This has not being solved. There's not a single country in this world that has managed to not rely on hydro, nuclear, fossils or importations for electricity generation.
Please provide those "studies and researches" that backup your claim, because a simple calculation shows that the world's largest WWTP, Hongrin-Leman (100GWh in capacity and 480MW in power, over a 90km² basin) contains just 10% of the capacity needed and only 0.7% of the power required for a country like France to last a winter night (~70GW during ~14h of night).
So we'd need “only” 10 Hongrin-Léman stations in terms of capacity, but 142 Hongrin-Léman stations in terms of power. In other words, we'd need to flood at best 8.5x the surface area of Paris, and at worst the entire surface area of the Île de France department, home to 12 million inhabitants. And that's just for one night without wind (which happens very regularly), assuming we rely on solar and wind power.
Then we need to find enough water and enough energy to pump it to fill the STEP completely in 10 hours of daylight, otherwise we'll have a blackout the following night.
Wind and solar power cannot form the basis of a country's energy production, because they are intermittent energies, and the storage needed to smooth out production is titanic. These energies rely on hydroelectricity, nuclear power and fossil fuels to be viable on a national scale.
Point the flaws in my logic, debate my ideas, or just leave. Don't waste your time making another reply if you can't keep respectful, I won't bother reading it.
Asking for sources and data to support a disputed claim is the basis of scientific debate. Becoming aggressive and disrespectful after such a mundane request is much more revealing of who is debating in good faith here.
Relevant critic here
TLDR : The study does not support the claim made in the title. It just says that it will be economically feasible. When asked about if its physically possible, they just throw some vague techno-solutionism, and even admit that 100% renewable will may never be actually possible
A request must be made to access this article, I highly doubt that you made one and actually read that report, so I won't waste my time either.
This report does not even relate to our debate at all, it theorizes multiple scenarios for 2050, does not tell if it's feasible and how, and none of these scenarios are 100% renewables anyway. This is out of subject.
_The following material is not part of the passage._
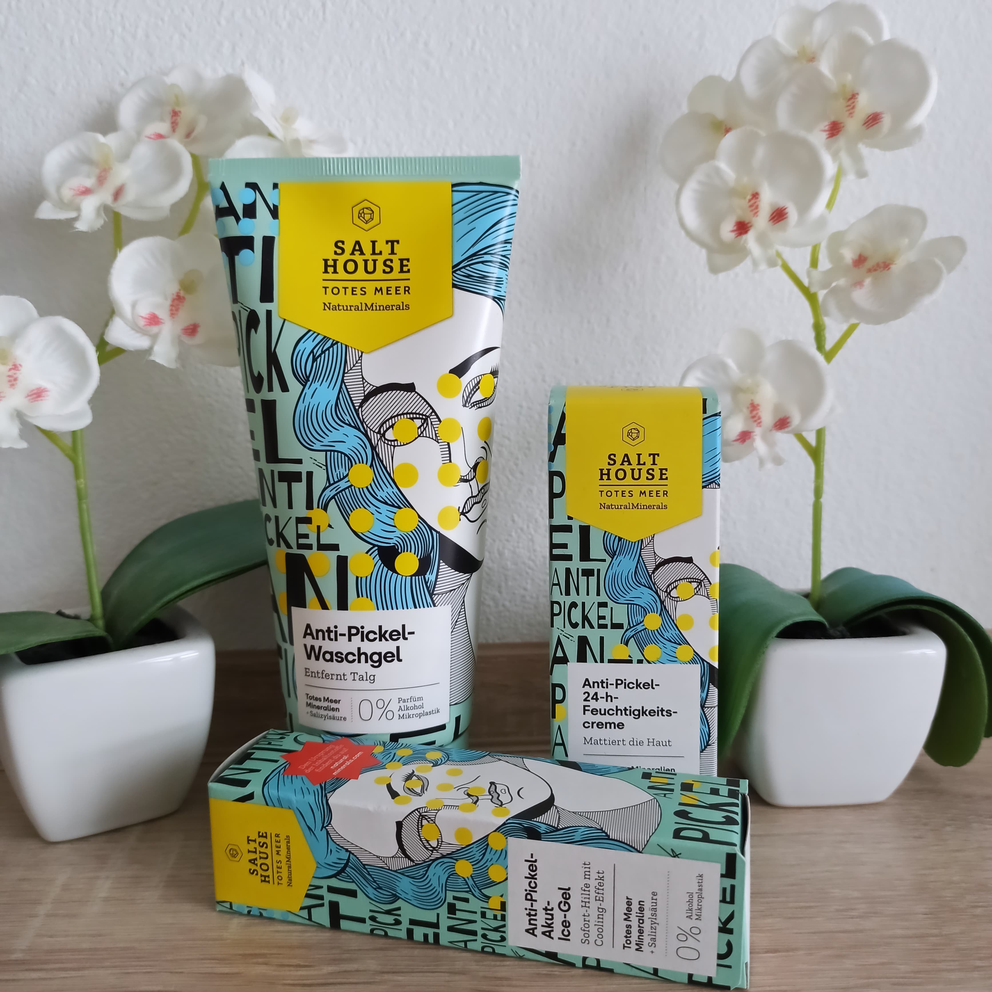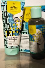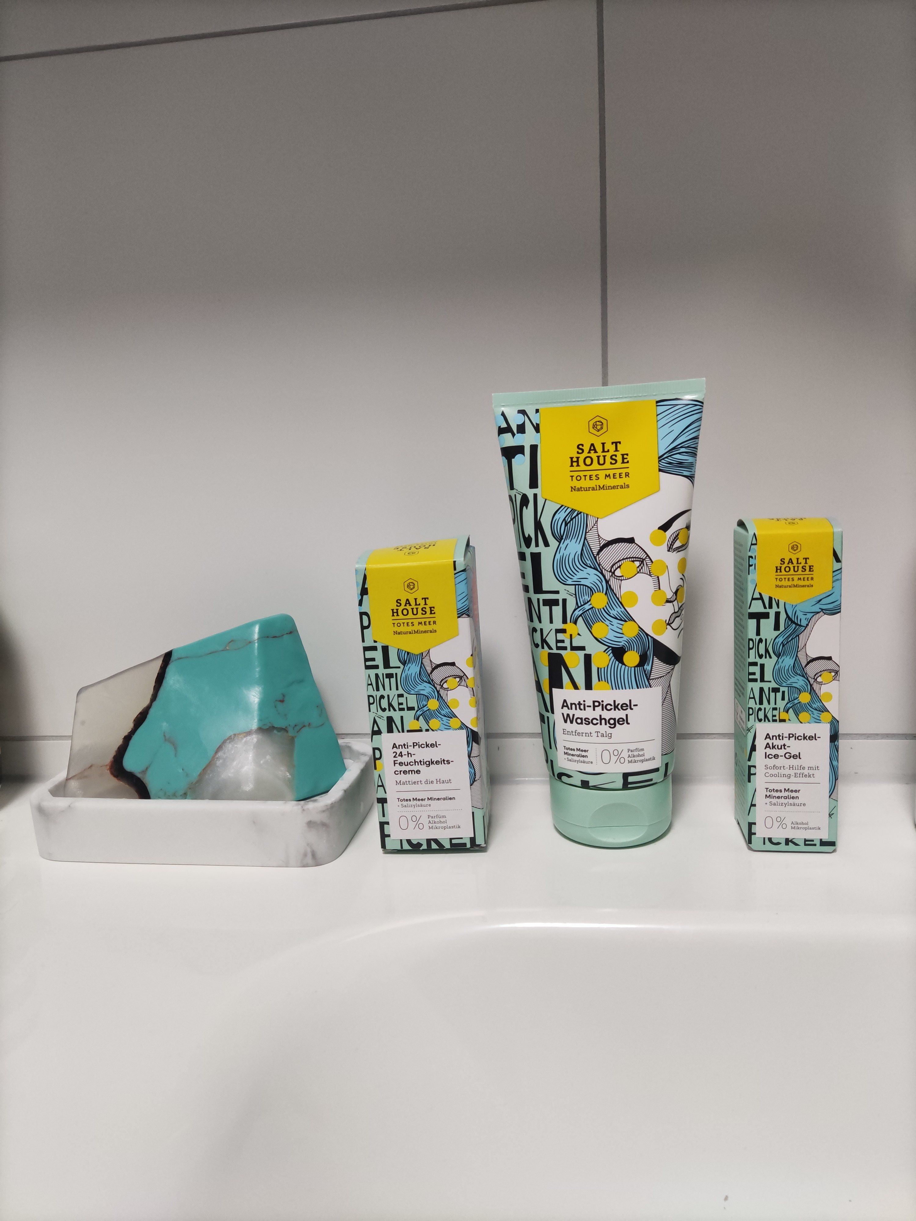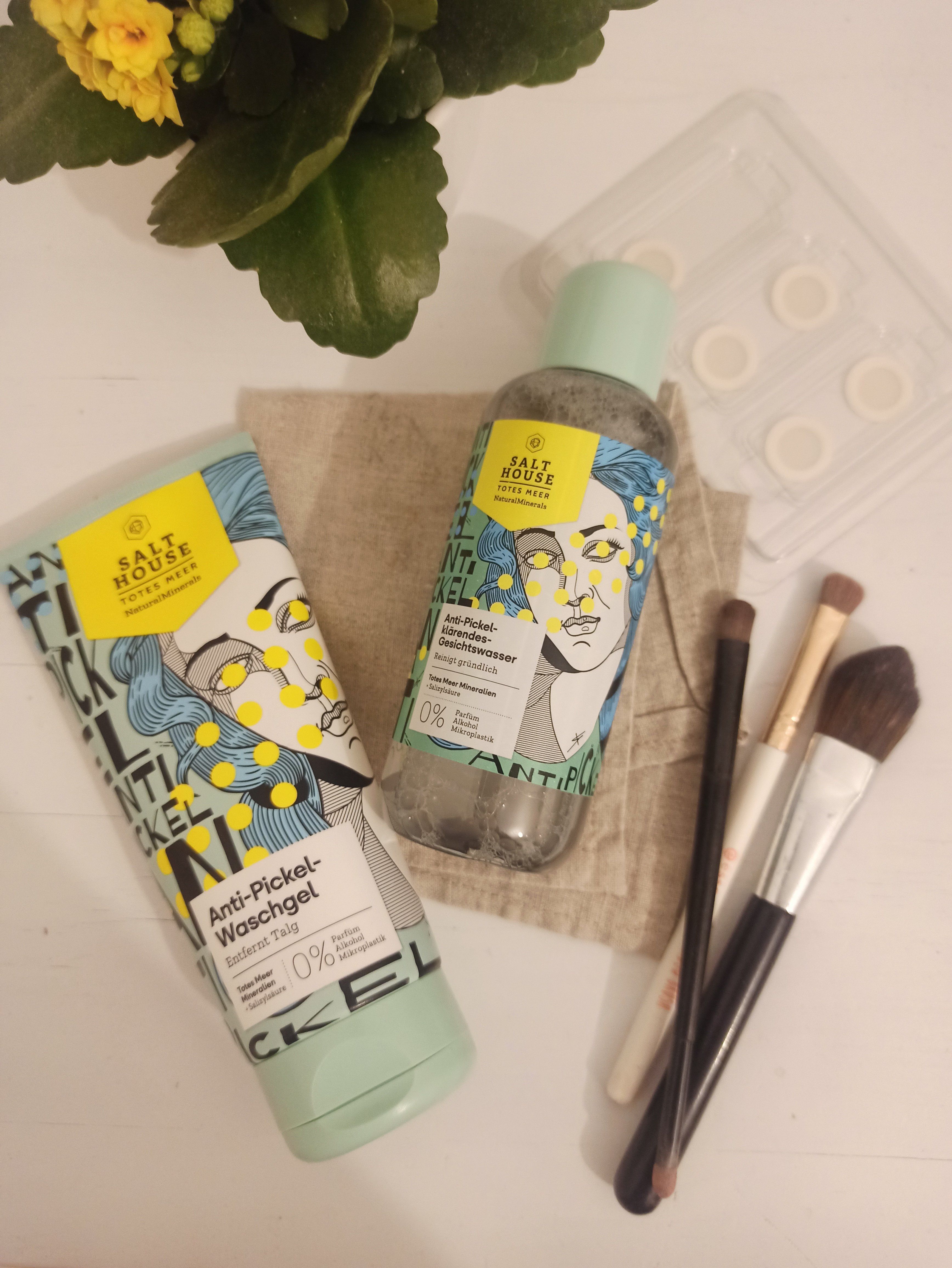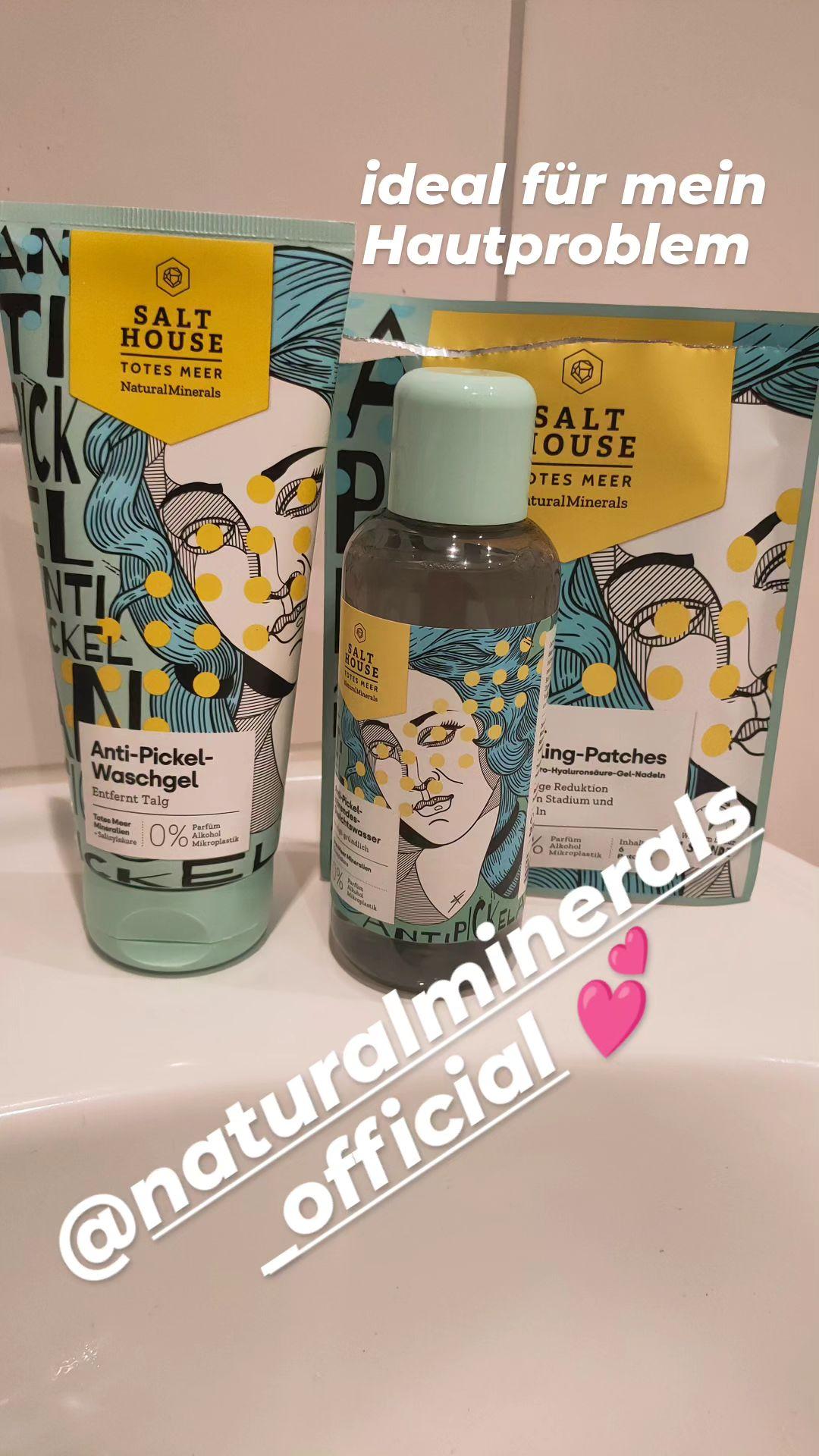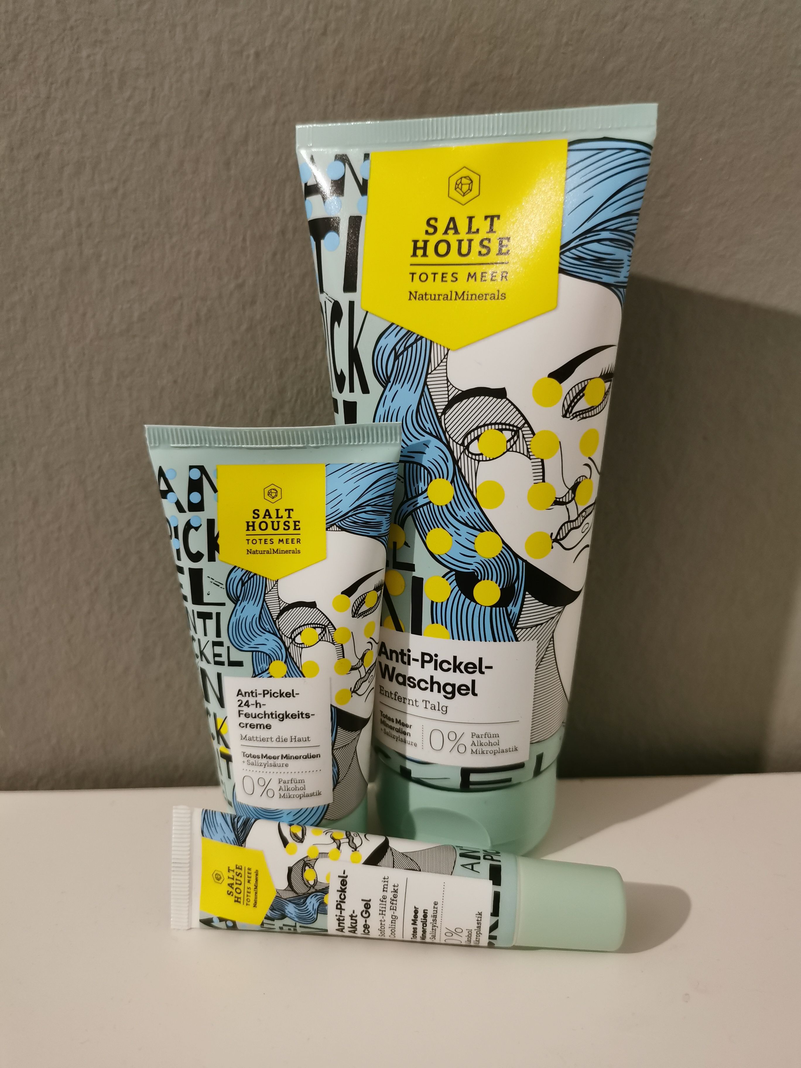 Ich bin begeistert von der salthouse pflegeroutine. Das Waschgel ist in einer tollen große verpackt und verhindert ganz gut das neu entstehen von weiteren Pickeln. Es reinigt die Haut fast gut, allerdings ist es nicht unbedingt für Mitesser geeignet. Die Creme ist leider nicht so toll. Sie ist leider in Phasen geteilt und riecht sehr abgestanden. Da weiß uch leider nicht was los ist. Die antipickel schnelle Hilfe kleine Tube ist super. Sie hält neue Pickel in Schach und trocknet sie gut weg. Toll

I'm not going to bother to keep going, it becomes obvious that you just took random studies whose title seemed to support vaguely your points , hoping that I'm as bad-faith as you and I that I won't open them.
Your statements are based on void and you become aggressive when asked for explanations. I take back what I have above: don't bother to answer at all, I'm just going to ignore you from now on.
Did you even read the links you posted?
Why waste time replying just to behave like a child?